**WHAT YOU SHOULD DO:**
With the pictures omitted, repeat exactly the lines below starting with the line that has "Dětské body bez" and going on through the line that has "Романцев – Денежкин.".

[Extracted data entries]
____

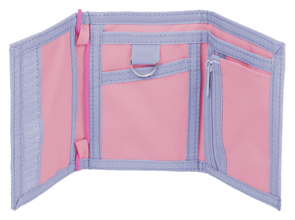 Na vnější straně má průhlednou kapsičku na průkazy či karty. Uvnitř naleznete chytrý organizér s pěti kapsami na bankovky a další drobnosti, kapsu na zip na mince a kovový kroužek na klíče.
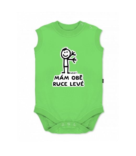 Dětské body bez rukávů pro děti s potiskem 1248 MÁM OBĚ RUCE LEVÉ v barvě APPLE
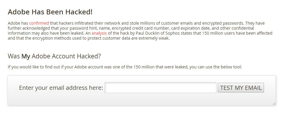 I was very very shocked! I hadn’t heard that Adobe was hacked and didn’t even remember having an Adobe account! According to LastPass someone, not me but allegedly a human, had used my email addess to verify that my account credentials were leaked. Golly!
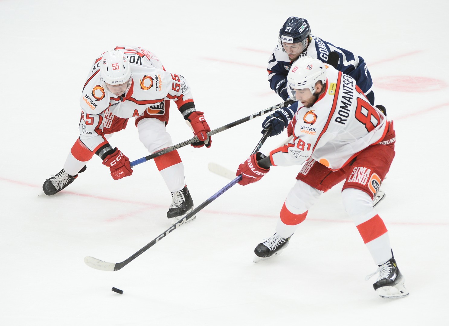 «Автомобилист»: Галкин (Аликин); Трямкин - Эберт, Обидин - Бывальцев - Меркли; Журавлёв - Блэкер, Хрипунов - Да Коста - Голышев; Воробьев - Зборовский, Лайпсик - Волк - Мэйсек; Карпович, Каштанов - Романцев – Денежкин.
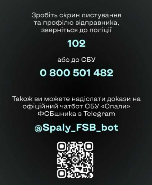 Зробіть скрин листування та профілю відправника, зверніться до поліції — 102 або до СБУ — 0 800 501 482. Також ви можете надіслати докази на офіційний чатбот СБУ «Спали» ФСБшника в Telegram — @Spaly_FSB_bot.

____

**REPLY:**
 Dětské body bez rukávů pro děti s potiskem 1248 MÁM OBĚ RUCE LEVÉ v barvě APPLE
 I was very very shocked! I hadn’t heard that Adobe was hacked and didn’t even remember having an Adobe account! According to LastPass someone, not me but allegedly a human, had used my email addess to verify that my account credentials were leaked. Golly!
 «Автомобилист»: Галкин (Аликин); Трямкин - Эберт, Обидин - Бывальцев - Меркли; Журавлёв - Блэкер, Хрипунов - Да Коста - Голышев; Воробьев - Зборовский, Лайпсик - Волк - Мэйсек; Карпович, Каштанов - Романцев – Денежкин.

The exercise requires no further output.